Return the lines of the data below starting at the one holding "Акустическая панель поглощает" and ending at the one holding "Olga square-frame sunglasses", word for word, leaving every picture out.
Data extracts section start
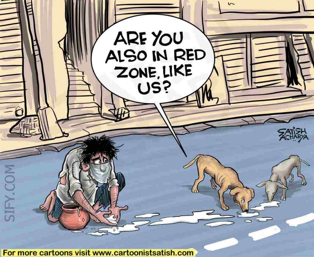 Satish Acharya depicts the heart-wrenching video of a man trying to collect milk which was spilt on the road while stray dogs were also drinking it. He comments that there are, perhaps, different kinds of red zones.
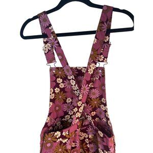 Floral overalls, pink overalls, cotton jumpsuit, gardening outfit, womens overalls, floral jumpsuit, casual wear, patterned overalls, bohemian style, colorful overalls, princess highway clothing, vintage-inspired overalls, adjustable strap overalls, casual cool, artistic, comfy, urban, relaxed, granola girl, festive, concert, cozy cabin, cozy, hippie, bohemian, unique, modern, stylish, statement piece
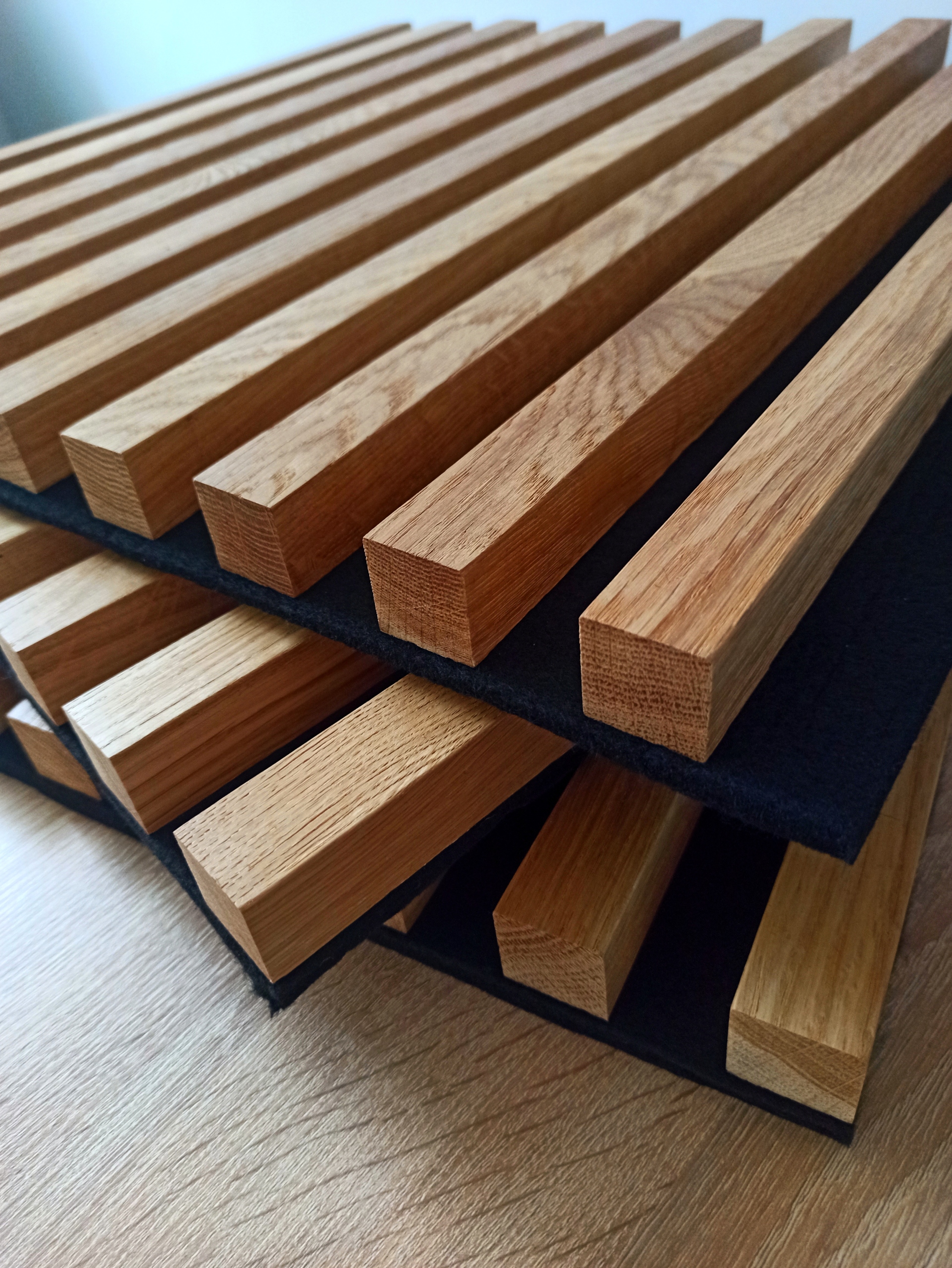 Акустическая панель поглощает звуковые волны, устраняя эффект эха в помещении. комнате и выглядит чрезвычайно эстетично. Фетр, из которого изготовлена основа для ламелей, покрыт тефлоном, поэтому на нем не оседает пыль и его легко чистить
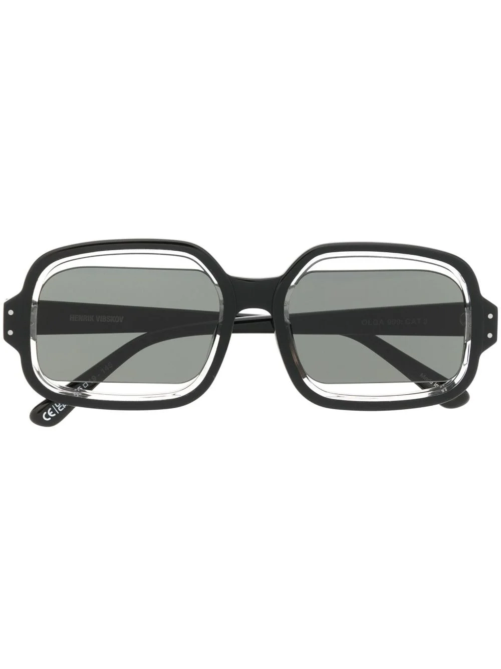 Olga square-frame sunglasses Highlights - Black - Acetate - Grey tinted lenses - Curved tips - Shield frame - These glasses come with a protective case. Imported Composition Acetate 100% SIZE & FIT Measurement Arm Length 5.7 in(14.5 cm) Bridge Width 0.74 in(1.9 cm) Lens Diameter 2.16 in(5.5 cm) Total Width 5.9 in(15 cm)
Data extracts section end
Data extracts section start
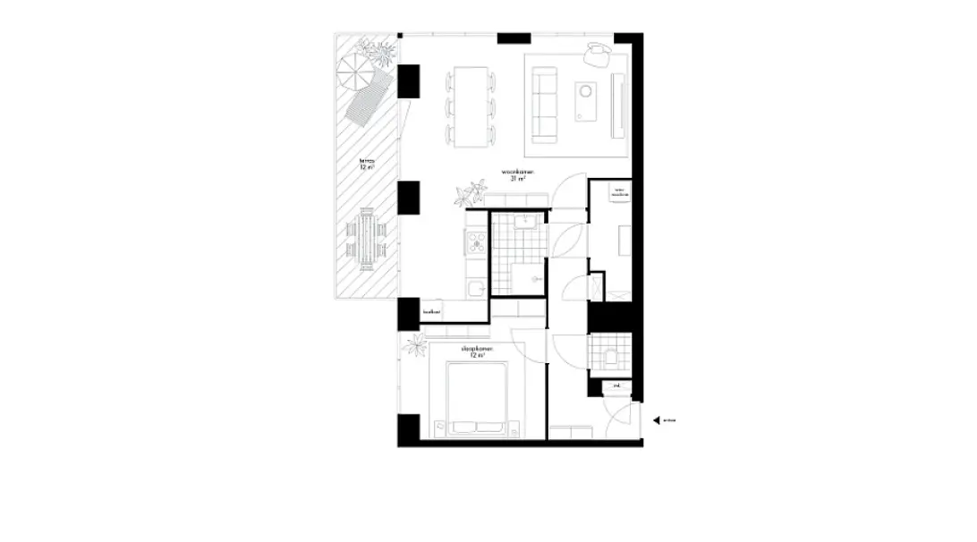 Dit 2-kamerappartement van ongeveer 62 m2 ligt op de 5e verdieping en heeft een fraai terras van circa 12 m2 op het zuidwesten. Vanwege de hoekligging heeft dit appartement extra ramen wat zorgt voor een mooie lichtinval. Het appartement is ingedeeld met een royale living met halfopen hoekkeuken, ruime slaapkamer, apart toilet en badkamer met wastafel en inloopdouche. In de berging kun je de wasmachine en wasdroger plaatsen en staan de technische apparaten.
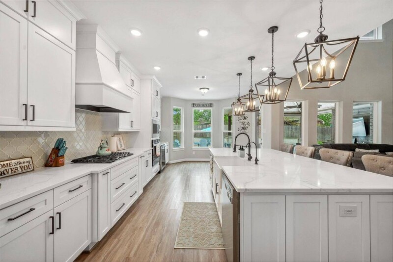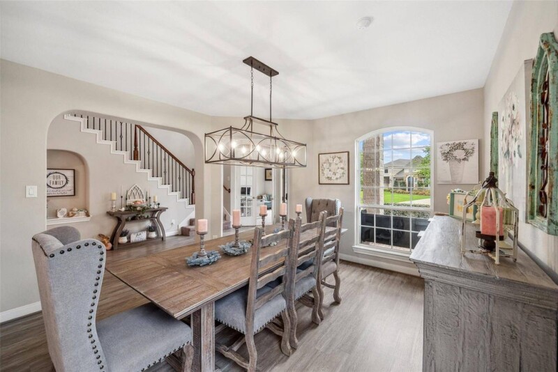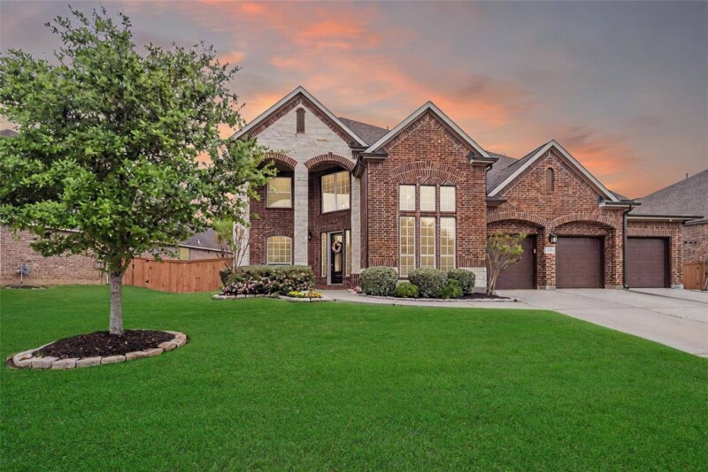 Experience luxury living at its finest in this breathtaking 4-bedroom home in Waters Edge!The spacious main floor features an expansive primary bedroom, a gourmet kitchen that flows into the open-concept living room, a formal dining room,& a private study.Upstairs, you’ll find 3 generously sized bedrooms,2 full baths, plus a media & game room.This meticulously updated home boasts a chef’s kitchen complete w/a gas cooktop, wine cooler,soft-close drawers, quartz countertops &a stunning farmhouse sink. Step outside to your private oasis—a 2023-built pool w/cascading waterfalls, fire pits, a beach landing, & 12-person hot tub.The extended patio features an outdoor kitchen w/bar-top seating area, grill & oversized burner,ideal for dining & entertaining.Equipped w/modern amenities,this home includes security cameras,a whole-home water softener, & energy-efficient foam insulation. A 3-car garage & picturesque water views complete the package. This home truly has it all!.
Data extracts section end
## Written response
 Акустическая панель поглощает звуковые волны, устраняя эффект эха в помещении. комнате и выглядит чрезвычайно эстетично. Фетр, из которого изготовлена основа для ламелей, покрыт тефлоном, поэтому на нем не оседает пыль и его легко чистить
 Olga square-frame sunglasses Highlights - Black - Acetate - Grey tinted lenses - Curved tips - Shield frame - These glasses come with a protective case. Imported Composition Acetate 100% SIZE & FIT Measurement Arm Length 5.7 in(14.5 cm) Bridge Width 0.74 in(1.9 cm) Lens Diameter 2.16 in(5.5 cm) Total Width 5.9 in(15 cm)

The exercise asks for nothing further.